■ Goal of the exercise: Reproduce the entries below exactly, but only from the line containing "Metallihyllyissä om matala" to the line containing "チャック・ベリー、リトル・リ", inclusive.

Items from a data source:

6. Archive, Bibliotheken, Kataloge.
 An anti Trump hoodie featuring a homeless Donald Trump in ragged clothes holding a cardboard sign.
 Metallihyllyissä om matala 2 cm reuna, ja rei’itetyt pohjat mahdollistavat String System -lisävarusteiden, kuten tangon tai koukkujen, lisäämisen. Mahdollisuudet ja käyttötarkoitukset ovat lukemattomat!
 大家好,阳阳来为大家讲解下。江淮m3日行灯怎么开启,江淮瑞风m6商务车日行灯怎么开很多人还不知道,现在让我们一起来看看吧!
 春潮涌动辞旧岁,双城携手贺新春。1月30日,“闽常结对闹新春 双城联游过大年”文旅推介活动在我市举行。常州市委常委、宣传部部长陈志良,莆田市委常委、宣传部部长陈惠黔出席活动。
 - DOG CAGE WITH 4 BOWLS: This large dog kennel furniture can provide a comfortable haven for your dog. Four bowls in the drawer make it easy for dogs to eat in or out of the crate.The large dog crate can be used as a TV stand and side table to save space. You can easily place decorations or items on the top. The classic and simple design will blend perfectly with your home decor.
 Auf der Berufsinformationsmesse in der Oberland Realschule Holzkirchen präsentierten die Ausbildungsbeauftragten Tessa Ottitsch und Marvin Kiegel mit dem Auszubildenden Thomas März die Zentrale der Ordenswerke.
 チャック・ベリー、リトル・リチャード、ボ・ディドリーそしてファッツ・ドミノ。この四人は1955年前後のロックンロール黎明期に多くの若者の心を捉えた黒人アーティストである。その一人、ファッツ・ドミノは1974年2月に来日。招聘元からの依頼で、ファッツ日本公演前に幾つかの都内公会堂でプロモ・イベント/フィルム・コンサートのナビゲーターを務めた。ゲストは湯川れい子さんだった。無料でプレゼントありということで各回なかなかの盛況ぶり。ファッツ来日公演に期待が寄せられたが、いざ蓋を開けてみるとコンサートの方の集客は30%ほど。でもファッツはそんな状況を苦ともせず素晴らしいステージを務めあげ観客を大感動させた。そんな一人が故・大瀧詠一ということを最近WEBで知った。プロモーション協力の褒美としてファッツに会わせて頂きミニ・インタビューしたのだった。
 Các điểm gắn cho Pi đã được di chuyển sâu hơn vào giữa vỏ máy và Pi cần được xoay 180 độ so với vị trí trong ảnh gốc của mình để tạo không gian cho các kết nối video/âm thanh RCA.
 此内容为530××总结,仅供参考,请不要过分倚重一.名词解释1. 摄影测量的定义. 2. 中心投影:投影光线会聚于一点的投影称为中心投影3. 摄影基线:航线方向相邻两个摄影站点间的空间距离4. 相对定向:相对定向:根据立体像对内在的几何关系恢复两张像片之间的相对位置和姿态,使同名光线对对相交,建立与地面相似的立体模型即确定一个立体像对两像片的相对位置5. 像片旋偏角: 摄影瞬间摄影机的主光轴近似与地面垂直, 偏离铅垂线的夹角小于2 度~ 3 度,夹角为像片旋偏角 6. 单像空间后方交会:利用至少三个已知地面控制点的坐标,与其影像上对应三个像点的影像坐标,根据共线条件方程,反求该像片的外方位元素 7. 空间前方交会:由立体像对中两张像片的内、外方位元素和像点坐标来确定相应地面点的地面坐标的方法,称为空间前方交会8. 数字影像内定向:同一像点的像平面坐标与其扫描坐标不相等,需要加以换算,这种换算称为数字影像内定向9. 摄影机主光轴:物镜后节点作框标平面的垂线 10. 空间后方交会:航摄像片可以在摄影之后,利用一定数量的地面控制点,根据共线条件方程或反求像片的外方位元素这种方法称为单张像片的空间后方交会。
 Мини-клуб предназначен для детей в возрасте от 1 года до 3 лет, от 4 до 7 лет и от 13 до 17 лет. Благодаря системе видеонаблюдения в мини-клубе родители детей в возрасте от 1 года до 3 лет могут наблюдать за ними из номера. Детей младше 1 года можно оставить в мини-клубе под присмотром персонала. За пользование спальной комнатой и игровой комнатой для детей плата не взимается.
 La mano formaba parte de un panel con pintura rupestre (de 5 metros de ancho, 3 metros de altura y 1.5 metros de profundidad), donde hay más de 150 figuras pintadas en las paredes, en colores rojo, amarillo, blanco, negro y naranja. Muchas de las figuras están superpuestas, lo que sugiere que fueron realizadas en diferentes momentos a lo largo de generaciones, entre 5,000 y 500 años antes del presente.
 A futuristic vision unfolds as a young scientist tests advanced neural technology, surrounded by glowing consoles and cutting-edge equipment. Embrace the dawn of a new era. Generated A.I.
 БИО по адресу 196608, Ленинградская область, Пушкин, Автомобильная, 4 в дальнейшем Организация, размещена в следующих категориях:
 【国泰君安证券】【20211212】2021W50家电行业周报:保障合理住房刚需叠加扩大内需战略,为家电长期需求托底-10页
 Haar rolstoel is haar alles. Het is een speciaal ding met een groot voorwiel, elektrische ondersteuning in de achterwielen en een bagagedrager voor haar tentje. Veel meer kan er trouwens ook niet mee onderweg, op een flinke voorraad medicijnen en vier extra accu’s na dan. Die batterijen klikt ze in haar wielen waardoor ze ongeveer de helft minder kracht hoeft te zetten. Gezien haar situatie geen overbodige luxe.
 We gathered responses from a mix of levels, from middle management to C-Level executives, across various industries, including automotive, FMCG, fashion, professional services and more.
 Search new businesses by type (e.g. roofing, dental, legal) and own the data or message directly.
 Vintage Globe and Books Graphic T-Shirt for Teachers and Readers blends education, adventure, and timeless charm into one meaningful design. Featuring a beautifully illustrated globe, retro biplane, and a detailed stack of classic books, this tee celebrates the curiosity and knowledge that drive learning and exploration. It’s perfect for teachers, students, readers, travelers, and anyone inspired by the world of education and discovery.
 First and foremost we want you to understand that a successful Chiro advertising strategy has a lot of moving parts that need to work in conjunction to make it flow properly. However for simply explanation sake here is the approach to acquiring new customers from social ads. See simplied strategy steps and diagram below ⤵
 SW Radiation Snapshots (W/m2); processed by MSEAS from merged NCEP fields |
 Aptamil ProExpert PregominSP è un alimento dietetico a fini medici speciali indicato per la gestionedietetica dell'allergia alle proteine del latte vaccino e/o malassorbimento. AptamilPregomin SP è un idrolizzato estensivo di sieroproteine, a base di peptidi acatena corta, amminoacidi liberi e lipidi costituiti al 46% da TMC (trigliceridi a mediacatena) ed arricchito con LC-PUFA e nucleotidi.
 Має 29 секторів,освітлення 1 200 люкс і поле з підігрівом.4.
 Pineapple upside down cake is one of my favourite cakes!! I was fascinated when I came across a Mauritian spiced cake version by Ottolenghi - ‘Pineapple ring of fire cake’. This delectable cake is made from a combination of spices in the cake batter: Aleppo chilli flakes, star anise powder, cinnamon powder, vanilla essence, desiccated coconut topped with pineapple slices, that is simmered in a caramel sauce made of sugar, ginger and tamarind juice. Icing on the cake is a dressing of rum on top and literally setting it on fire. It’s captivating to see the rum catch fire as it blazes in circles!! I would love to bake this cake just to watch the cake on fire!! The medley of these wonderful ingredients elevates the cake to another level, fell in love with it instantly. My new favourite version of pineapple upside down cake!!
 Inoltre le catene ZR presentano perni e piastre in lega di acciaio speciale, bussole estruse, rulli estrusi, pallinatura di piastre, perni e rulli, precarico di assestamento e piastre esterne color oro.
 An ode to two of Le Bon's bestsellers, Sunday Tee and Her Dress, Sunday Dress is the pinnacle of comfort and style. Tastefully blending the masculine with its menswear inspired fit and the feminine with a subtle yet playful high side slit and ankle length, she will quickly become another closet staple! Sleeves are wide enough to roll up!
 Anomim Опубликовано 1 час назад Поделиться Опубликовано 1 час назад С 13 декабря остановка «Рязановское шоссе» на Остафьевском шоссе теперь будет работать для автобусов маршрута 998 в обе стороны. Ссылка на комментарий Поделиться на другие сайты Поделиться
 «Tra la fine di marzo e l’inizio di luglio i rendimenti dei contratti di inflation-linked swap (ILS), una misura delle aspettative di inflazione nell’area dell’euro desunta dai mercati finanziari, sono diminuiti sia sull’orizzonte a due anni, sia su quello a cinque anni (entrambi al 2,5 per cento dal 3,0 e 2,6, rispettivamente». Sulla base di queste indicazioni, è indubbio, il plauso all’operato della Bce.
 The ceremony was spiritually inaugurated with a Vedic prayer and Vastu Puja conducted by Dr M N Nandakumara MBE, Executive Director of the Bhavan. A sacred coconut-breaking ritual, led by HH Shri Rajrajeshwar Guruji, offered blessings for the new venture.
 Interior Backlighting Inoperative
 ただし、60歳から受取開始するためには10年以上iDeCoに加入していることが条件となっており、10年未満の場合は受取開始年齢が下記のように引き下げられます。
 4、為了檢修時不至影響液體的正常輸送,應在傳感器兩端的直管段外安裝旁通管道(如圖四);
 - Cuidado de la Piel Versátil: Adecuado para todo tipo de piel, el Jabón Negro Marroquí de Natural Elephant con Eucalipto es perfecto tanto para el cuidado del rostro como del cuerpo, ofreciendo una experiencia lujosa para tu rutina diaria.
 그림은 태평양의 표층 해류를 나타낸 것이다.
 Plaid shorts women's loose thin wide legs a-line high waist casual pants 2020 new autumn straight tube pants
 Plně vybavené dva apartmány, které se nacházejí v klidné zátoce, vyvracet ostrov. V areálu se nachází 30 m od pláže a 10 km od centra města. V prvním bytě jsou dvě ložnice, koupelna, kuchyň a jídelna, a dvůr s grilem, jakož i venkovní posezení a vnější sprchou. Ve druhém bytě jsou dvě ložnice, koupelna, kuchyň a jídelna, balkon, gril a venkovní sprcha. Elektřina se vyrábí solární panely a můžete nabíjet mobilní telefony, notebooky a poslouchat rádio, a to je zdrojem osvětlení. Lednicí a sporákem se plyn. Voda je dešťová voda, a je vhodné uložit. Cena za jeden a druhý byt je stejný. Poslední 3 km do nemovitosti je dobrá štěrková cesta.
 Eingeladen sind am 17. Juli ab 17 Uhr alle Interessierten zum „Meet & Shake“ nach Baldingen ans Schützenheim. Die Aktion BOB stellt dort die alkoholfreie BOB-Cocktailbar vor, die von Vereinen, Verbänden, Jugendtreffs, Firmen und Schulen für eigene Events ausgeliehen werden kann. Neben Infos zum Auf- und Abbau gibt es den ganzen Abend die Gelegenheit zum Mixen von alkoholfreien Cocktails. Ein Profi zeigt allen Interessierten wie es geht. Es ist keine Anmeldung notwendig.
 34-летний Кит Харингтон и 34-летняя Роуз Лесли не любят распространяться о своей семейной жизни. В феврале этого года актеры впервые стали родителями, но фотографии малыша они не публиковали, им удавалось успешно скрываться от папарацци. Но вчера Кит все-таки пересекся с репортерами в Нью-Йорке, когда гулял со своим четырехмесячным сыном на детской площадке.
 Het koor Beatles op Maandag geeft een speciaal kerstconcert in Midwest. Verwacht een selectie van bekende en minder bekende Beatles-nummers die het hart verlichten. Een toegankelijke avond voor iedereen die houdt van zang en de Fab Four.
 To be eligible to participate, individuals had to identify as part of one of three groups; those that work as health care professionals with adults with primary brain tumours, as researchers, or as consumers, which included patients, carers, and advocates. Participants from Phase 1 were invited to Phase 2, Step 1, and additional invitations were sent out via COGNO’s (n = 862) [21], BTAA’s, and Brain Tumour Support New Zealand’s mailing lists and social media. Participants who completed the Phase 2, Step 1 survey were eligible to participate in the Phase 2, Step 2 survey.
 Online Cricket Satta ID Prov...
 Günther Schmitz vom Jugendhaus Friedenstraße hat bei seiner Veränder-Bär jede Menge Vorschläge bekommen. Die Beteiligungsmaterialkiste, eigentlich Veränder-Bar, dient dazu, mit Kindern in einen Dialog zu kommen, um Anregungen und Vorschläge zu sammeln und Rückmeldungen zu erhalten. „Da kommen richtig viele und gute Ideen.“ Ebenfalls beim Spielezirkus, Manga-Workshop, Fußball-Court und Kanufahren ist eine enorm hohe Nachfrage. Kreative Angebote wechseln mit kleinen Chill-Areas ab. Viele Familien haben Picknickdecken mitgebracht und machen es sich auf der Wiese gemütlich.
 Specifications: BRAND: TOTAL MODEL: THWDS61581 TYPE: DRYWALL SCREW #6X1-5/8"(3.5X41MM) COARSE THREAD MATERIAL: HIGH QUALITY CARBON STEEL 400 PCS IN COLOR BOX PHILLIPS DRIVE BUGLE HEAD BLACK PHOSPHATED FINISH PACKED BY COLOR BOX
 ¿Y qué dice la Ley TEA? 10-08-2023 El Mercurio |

■ Solution to this problem:
 Metallihyllyissä om matala 2 cm reuna, ja rei’itetyt pohjat mahdollistavat String System -lisävarusteiden, kuten tangon tai koukkujen, lisäämisen. Mahdollisuudet ja käyttötarkoitukset ovat lukemattomat!
 大家好,阳阳来为大家讲解下。江淮m3日行灯怎么开启,江淮瑞风m6商务车日行灯怎么开很多人还不知道,现在让我们一起来看看吧!
 春潮涌动辞旧岁,双城携手贺新春。1月30日,“闽常结对闹新春 双城联游过大年”文旅推介活动在我市举行。常州市委常委、宣传部部长陈志良,莆田市委常委、宣传部部长陈惠黔出席活动。
 - DOG CAGE WITH 4 BOWLS: This large dog kennel furniture can provide a comfortable haven for your dog. Four bowls in the drawer make it easy for dogs to eat in or out of the crate.The large dog crate can be used as a TV stand and side table to save space. You can easily place decorations or items on the top. The classic and simple design will blend perfectly with your home decor.
 Auf der Berufsinformationsmesse in der Oberland Realschule Holzkirchen präsentierten die Ausbildungsbeauftragten Tessa Ottitsch und Marvin Kiegel mit dem Auszubildenden Thomas März die Zentrale der Ordenswerke.
 チャック・ベリー、リトル・リチャード、ボ・ディドリーそしてファッツ・ドミノ。この四人は1955年前後のロックンロール黎明期に多くの若者の心を捉えた黒人アーティストである。その一人、ファッツ・ドミノは1974年2月に来日。招聘元からの依頼で、ファッツ日本公演前に幾つかの都内公会堂でプロモ・イベント/フィルム・コンサートのナビゲーターを務めた。ゲストは湯川れい子さんだった。無料でプレゼントありということで各回なかなかの盛況ぶり。ファッツ来日公演に期待が寄せられたが、いざ蓋を開けてみるとコンサートの方の集客は30%ほど。でもファッツはそんな状況を苦ともせず素晴らしいステージを務めあげ観客を大感動させた。そんな一人が故・大瀧詠一ということを最近WEBで知った。プロモーション協力の褒美としてファッツに会わせて頂きミニ・インタビューしたのだった。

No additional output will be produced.